Task data Block Start

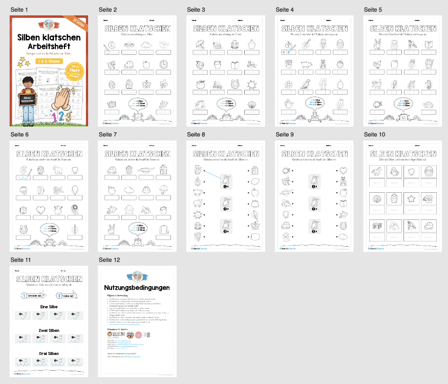 Das Heft umfasst verschiedene Übungsformate rund um das Silbenklatschen. Die Aufgaben sind bewusst doppelt angelegt, sodass die Kinder die gleiche Übung mehrfach durchführen können. Diese Wiederholung hilft dabei, Sicherheit zu gewinnen und das Gelernte zu festigen.
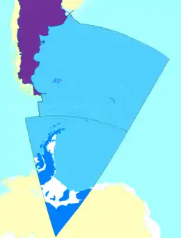 Chile created this theory, and was the first to implement one in 1991, with the passage of law N°19080.[6] Article 1, final paragraph, defines the concept of a "mar presencial" for the southeastern quadrant of the Pacific Ocean:
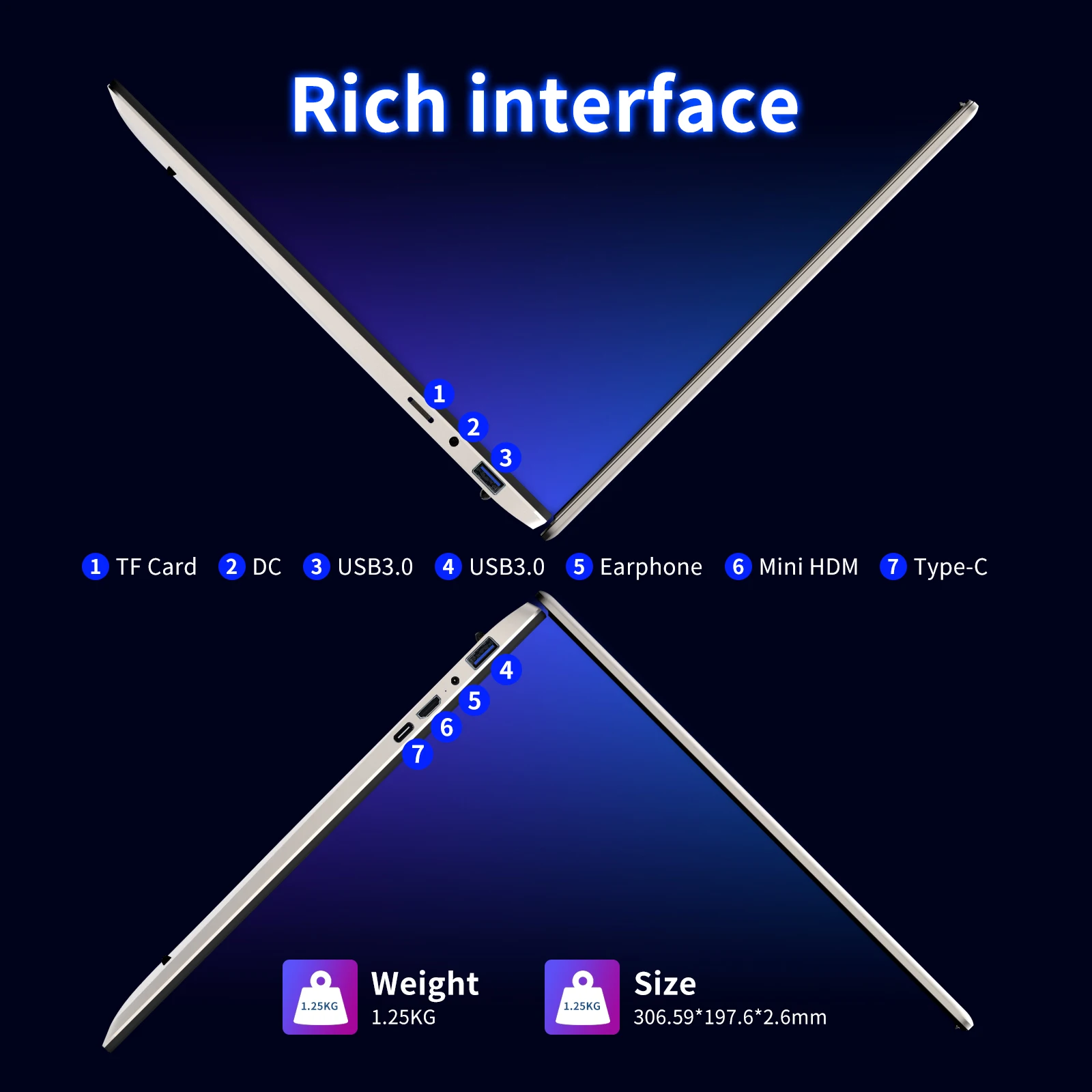 equipped with Mini HDMI x1, USB 3.0 x2, TF card port x1 ,Type C*1 (only for data). Many multifunctional ports on KUU laptops basically meet the requirements of life and work.
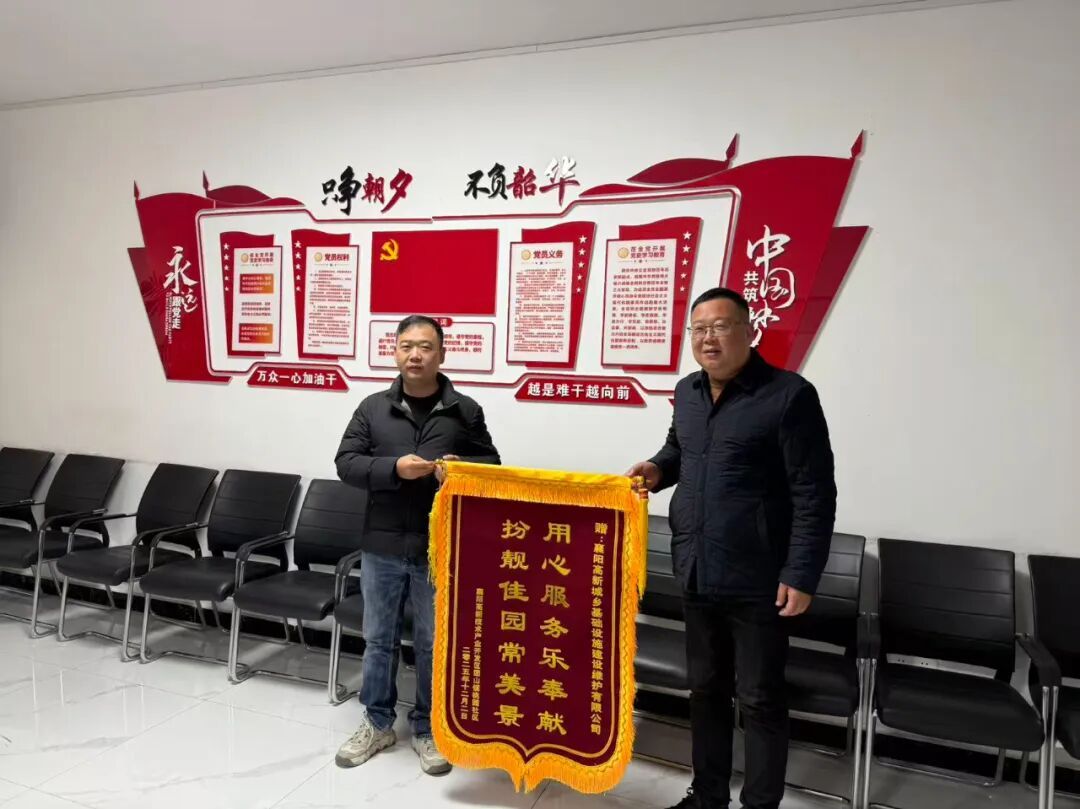 12月4日,桃園社區(qū)黨委書(shū)記馮燕輝前往襄陽(yáng)市高新區(qū)城鄉(xiāng)基礎(chǔ)設(shè)施建設(shè)維護(hù)有限公司贈(zèng)送錦旗,感謝該公司在黨建引領(lǐng)小區(qū)綜合治理中的大力支持與無(wú)私幫扶。
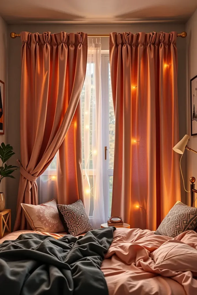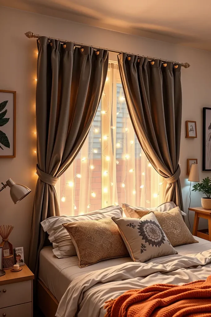 In 2025, window treatments are becoming smarter, and chicer. Having strict dorm regulations regarding damages and drilling, students are embracing the no-drill curtain options that appear upscale but do not leave a trace. Tension rods, adhesive mounts, and magnetic brackets are tension-based systems that allow the easy installation of heavy or luxe-appearing panels. I have spotted all kinds of velvet to linen-look curtains blurring boundaries and making cosy corners.
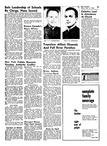 He was ordained March 17, cis Xavier since ,Tune, 1964, has been assigned to, Immaculate' 1956 by Bishop Connolly in the ,Cathedral. ~e is priests' choir Conception. A native of Norwood, Father director and a member of the Connolly, ,son of Mr. and Mrs. Diocesan Music Commission. Michael J. Connolly, was born Father Harrington, son of Ed Oct. 17, 1929. Following gradu- ward J. Harrington and the late Mrs, Esther F. (Yates) Harring ton, was born July 28, 1938 in New, Bedford. He is a graduate of Holy Family grammar and C[}u~o~~OatJ1 high schools and of Holy Cross College, Worcester. WASHINGTON (NC)-Chris tianity's bond to the Jews, its He completed his studies for spiritual renew.al and a re-em the priesthood at Catholic Uni phasis of the religious meaning versity and was ordained May of social action were stressed by 301 1964 by. Bishop Connolly. He speakers during the Week of has served as Cape Cod CYO Prayer for Christian Unity ob Director since June 4, 1964. served here at the National Shrine of the Immaculate Con ception. . Father Edward Flannery, for mer editor of the Providence Visitor and now a member of the Seton Hall University Insti tute for Judaeo - Christian Studies, spoke on the Second Vatican Council's Declaration on Non Christian Religions. ''The declaration," he said, "puts aright the mistakes and injustices of some 2,000 years' standing. In brief but crystal clear words a program is set up for bringing about the harmo nious relations that should exist between the two faiths (Chris tianity ard Juda~sm)." The early' Church, he noted, was a Jewish church, and the modern Church must now be taught this again 'and recognize "the bond that spirituality ties the people of the New Covenant to Abraham's stock." , "To do this," he said, -!!all of our media of communication in the Church must be employed the pulpit, tp.e press, the school room." Scholarly studies must be undertaken, texthooks must be examined, stereotypes and false images must' be identified and rooted out and social-political tensions must be explored, said Father, Flannery.

Task data Block End

• _Problem to work on_: All that should appear in the answer is the lines above from the line with "Chile created this" through the line with "12月4日,桃園社區(qū)", retyped exactly, pictures left out.

• _Reply_:
 Chile created this theory, and was the first to implement one in 1991, with the passage of law N°19080.[6] Article 1, final paragraph, defines the concept of a "mar presencial" for the southeastern quadrant of the Pacific Ocean:
 equipped with Mini HDMI x1, USB 3.0 x2, TF card port x1 ,Type C*1 (only for data). Many multifunctional ports on KUU laptops basically meet the requirements of life and work.
 12月4日,桃園社區(qū)黨委書(shū)記馮燕輝前往襄陽(yáng)市高新區(qū)城鄉(xiāng)基礎(chǔ)設(shè)施建設(shè)維護(hù)有限公司贈(zèng)送錦旗,感謝該公司在黨建引領(lǐng)小區(qū)綜合治理中的大力支持與無(wú)私幫扶。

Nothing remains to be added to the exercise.